OAO Novatek (NVTK) and Total SA (FP) shifted the start of liquefied natural gas production at the $20 billion Yamal LNG project in Russia’s Arctic to 2017 after delays reaching an investment decision.
The first production line, or train, will start chilling fuel to a liquid for shipment by tanker in the beginning of 2017, according to an investor presentation obtained by Bloomberg News. The venture had planned to start LNG output in the fourth quarter of 2016.
Novatek, Russia’s second-biggest gas producer, is meeting investors today before a planned Eurobond sale.
Novatek, controlled by billionaires Leonid Mikhelson and Gennady Timchenko, and the French energy producer plan to build the gas liquefaction plant on the Yamal Peninsula above the Arctic Circle, surrounded by a sea that’s locked in ice for most of the year. The plant is designed to have three trains each with capacity to produce about 5.5 million tons a year.
The Yamal LNG partners postponed a final investment decision for the project to this year after targeting the end of 2012. In October 2012, Mikhelson, who is also Novatek’s chief executive officer, said consideration of the FDI may take six to eight months with talks expected to start in December.
Mikhail Lozovoy, Novatek’s spokesman, declined to comment on the presentation.
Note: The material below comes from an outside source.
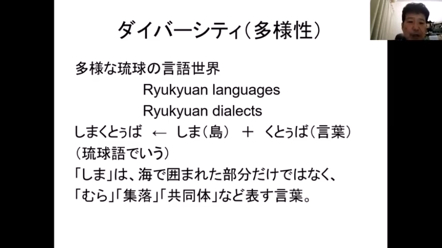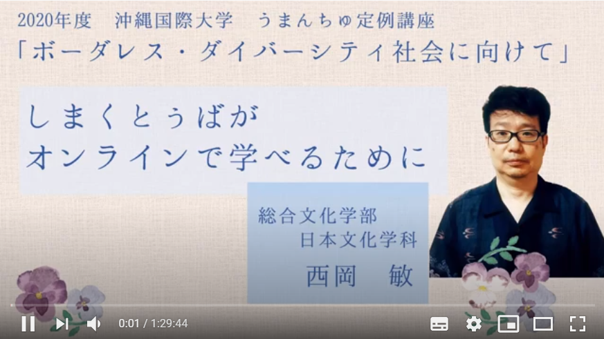 先日もお伝えした通り、2020年度沖縄国際大学うまんちゅ定例講座「ボーダレス・ダイバーシティ社会に向けて」がオンライン・オンデマンドにて開講中です。日本文化学科からは、琉球語担当の西岡敏先生も講師陣の1人として参加しています。

Yamal LNG is seeking to contract fuel shipments in the first half of the year, Mikhelson said at the time. The venture may also add a third partner and is talking to a number of potential partners including Electricite de France SA, the CEO said in an interview in Davos, Switzerland last week. He reiterated that Yamal LNG’s shareholder structure may not change from Novatek’s current 80 percent and Total’s 20 percent.
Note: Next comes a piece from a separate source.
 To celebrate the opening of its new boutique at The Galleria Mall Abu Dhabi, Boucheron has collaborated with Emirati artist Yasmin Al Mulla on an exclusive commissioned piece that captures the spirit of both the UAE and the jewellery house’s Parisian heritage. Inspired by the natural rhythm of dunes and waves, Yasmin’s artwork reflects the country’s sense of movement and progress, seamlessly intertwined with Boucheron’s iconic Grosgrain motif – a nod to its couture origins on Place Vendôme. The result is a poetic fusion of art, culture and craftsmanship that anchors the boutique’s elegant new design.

To spur the project’s development, Novatek applied to the government last year for the right to export LNG. OAO Gazprom (OGZD), the world’s biggest gas producer, holds a monopoly to export gas under Russian law.
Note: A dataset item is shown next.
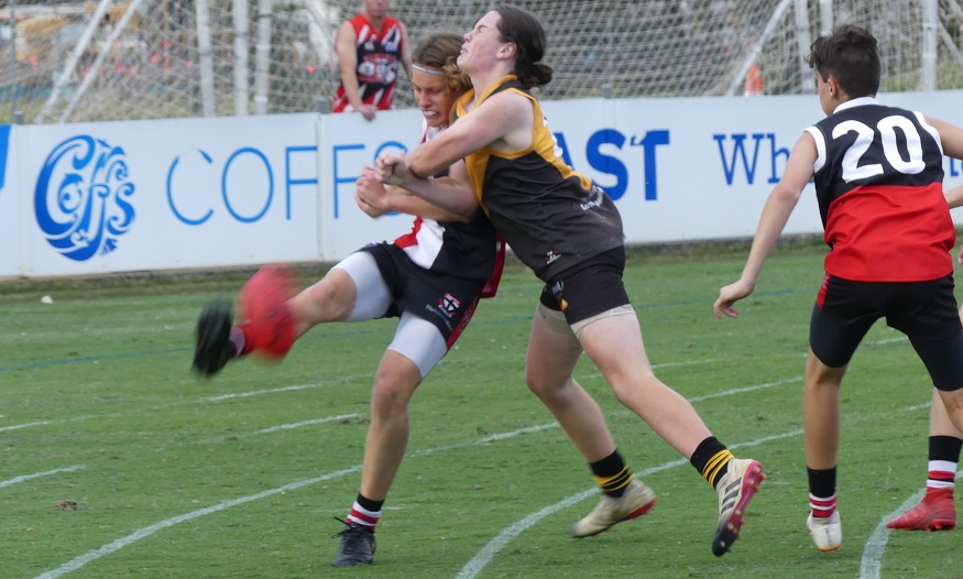 Grafton started the match in perfect fashion with a four goal opening quarter to hold a 29 point lead at the first break. Sawtell changed things around at the first break and were able to limit the Tigers to just two goals in the second term, but couldn’t find a target up front to convert positive build up play.

The Energy Ministry submitted proposals about Novatek’s export request to the government, which will probably make a decision in the next couple of months, Deputy Energy Minister Pavel Fedorov said on Jan. 23. The oil and gas industry contribute about half of Russia’s budget revenue.
The government will have to examine the potential impact of lifting Gazprom’s monopoly, First Deputy Prime Minister Igor Shuvalov said in a Jan. 18 interview. “We need to understand whether this competition kills the price for Russian gas,” he said.